**Task**
Would you retype exactly the lines below, starting with the one that has "Forest fashion just" and going on through the one that has "A mahogany demi", with no pictures and nothing else?

**Input data**
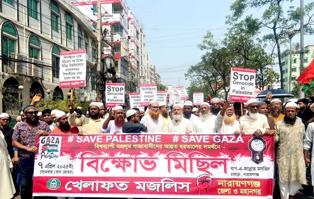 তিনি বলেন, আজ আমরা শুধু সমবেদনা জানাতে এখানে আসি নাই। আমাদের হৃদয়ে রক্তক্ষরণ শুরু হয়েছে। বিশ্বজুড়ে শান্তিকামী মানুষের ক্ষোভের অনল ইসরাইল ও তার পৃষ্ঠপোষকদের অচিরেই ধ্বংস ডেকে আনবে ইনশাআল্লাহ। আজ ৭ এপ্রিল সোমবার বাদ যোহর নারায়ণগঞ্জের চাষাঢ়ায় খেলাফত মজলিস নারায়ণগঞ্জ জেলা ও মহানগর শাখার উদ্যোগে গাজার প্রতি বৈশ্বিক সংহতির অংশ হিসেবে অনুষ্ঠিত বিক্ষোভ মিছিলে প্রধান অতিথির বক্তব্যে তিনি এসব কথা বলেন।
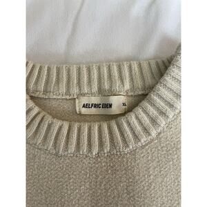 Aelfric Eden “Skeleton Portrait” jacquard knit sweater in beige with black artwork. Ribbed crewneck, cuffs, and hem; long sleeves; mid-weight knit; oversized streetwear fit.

---

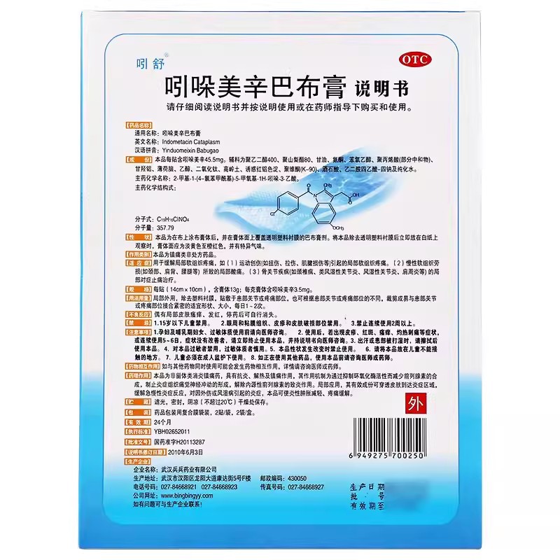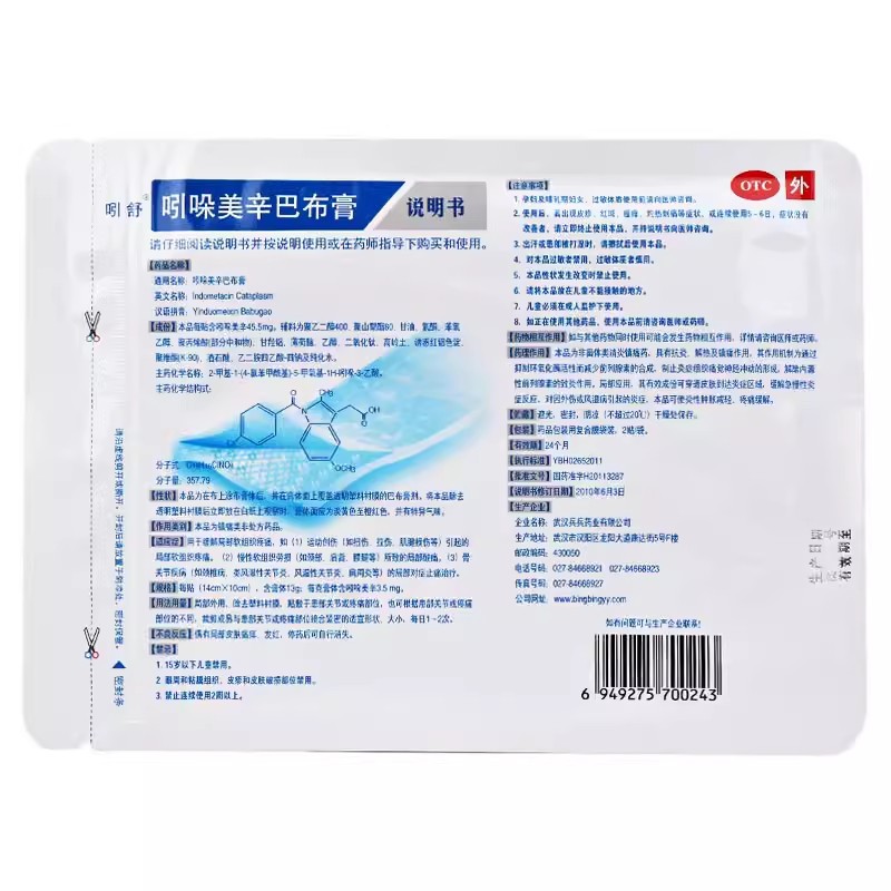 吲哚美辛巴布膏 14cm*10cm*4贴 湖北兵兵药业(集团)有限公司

---

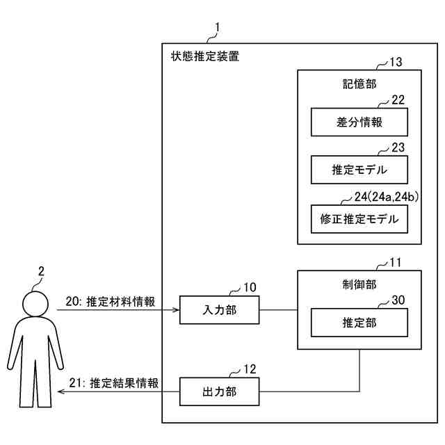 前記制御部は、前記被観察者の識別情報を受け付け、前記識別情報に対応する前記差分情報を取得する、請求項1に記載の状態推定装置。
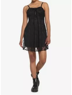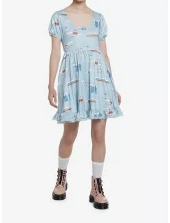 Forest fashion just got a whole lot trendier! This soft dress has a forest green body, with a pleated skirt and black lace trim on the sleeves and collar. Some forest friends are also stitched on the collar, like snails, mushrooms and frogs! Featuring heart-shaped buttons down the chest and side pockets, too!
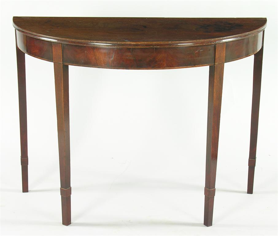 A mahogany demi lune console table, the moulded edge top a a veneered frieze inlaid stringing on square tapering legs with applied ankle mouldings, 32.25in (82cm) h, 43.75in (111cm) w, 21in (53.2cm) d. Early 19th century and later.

**Exercise answer**
 Forest fashion just got a whole lot trendier! This soft dress has a forest green body, with a pleated skirt and black lace trim on the sleeves and collar. Some forest friends are also stitched on the collar, like snails, mushrooms and frogs! Featuring heart-shaped buttons down the chest and side pockets, too!
 A mahogany demi lune console table, the moulded edge top a a veneered frieze inlaid stringing on square tapering legs with applied ankle mouldings, 32.25in (82cm) h, 43.75in (111cm) w, 21in (53.2cm) d. Early 19th century and later.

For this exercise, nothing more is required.